The n-butanol (9 g) soluble fraction was subjected to Diaion HP-20 CC to give two fractions [water fraction (BW) and methanol fraction (BM)]. BM (2.7 g) was chromatographed using high-performance countercurrent chromatography (HPCCC) with ethyl acetate–n-butanol–water system (3:7:10, v/v, 1500 rpm, 15 mL/min, lower phase was used as a mobile phase) to give fraction BM1–BM4. BM2 (208 mg) was separated by Sephadex LH-20 CC using methanol as an eluent followed by RP-HPLC to yield 3'-O-methylepicatechin-7-O-β-d-glucopyranoside (5.9 mg), 3'-O-methycatechin-7-O-β-d-glucopyranoside (1.6 mg), quercetin-3-O-rutinoside (14.4 mg) and quercetin-3-O-(2^G-β-d-xylopyranosylrutinoside (20.2 mg). BM3 (123 mg) was subjected to RP-HPLC using a gradient elution of acetonitrile-water mixture (15%→30% acetonitrile) to yield (−)-epiafzelechin-7-O-β-d-glucopyranoside (2.4 mg), afzelechin-4'-O-β-d-glucopyranoside (1.3 mg), sympracemoside (2.3 mg).
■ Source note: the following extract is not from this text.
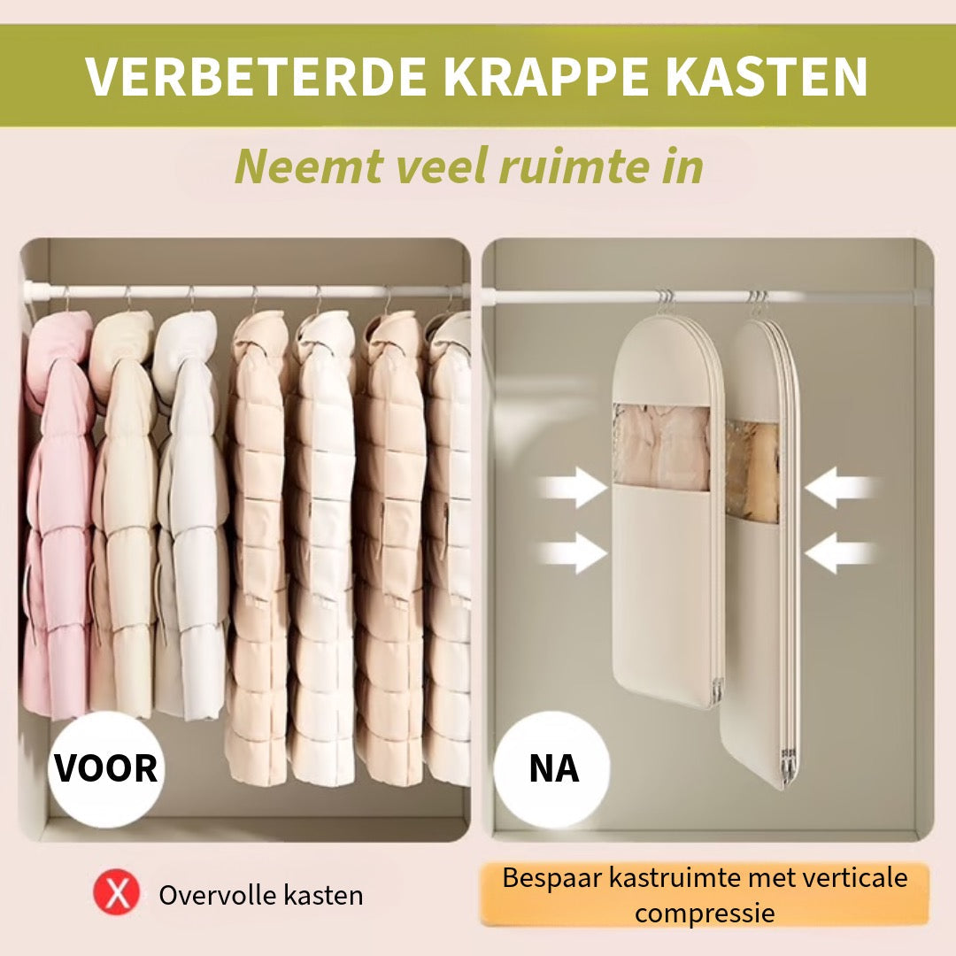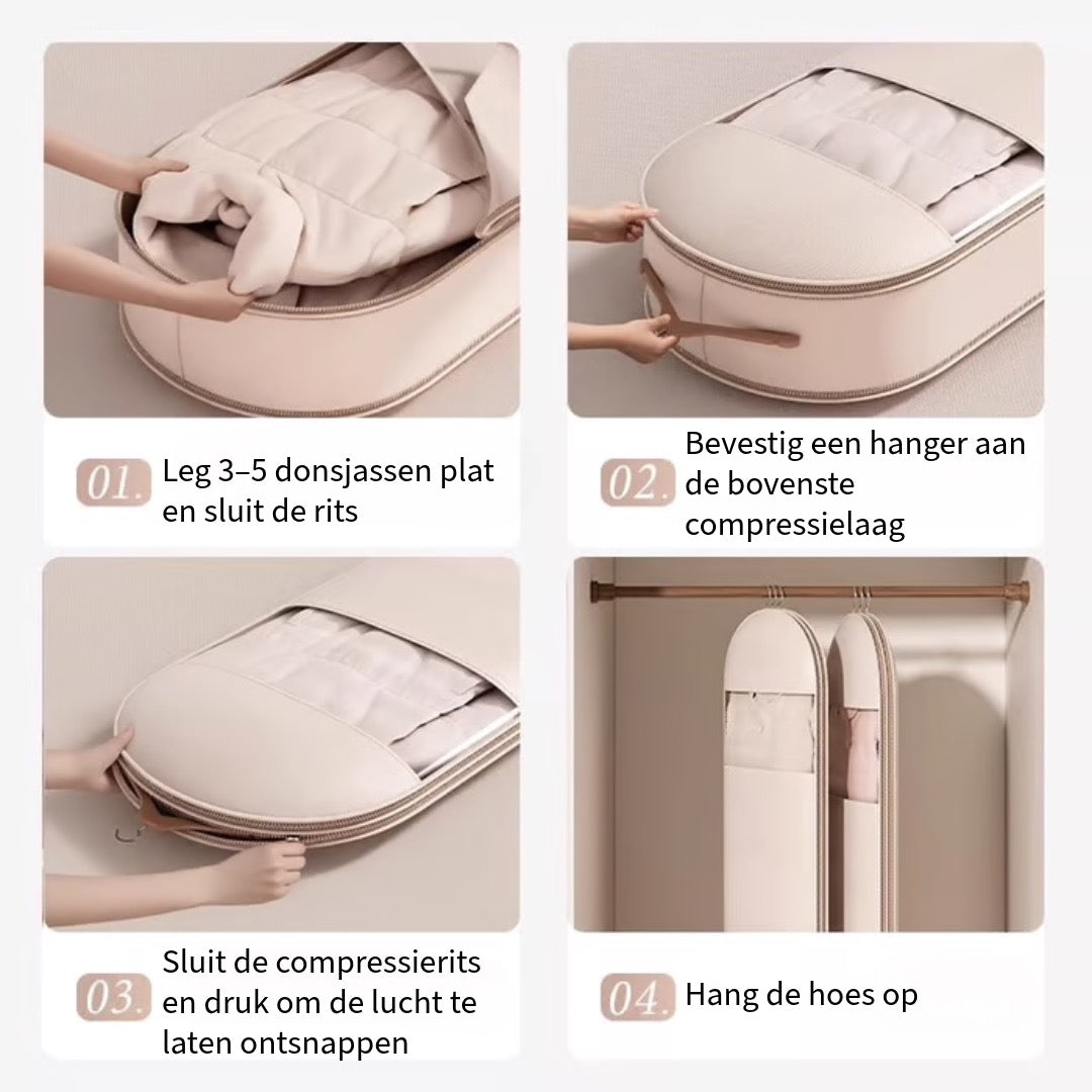 De Ruimtebesparende Kledinghoes is dé ideale manier om dikke dekens, jassen of beddengoed gecomprimeerd en overzichtelijk op te bergen. Dankzij het zelf-compressiesysteem en het ademende satijnmateriaal houd je je opbergruimte netjes, hygiënisch en stijlvol – zonder concessies aan comfort of kwaliteit.

3.4. Measurement of NO Production

NO production was assayed by measuring the amount of nitrite in the supernatants of cultured RAW 264.7 cells. Briefly, the cells were seeded at a density of 5 × 10⁵ cells/mL in 96-well culture plates. After pre-incubation for 18 h, the cells were pretreated for 30 min with compounds and then stimulated with LPS (500 ng/mL) for 24 h. The supernatant was mixed with an equal volume of Griess reagent (1% sulfanilamide, 0.1% naphthylethylenediamine dihydrochloride, and 2.5% phosphoric acid) and then incubated at room temperature for 5 min. The concentration of nitrite was determined by measuring the absorbance at 570 nm and comparing the values to a standard curve generated using sodium nitrite (NaNO₂).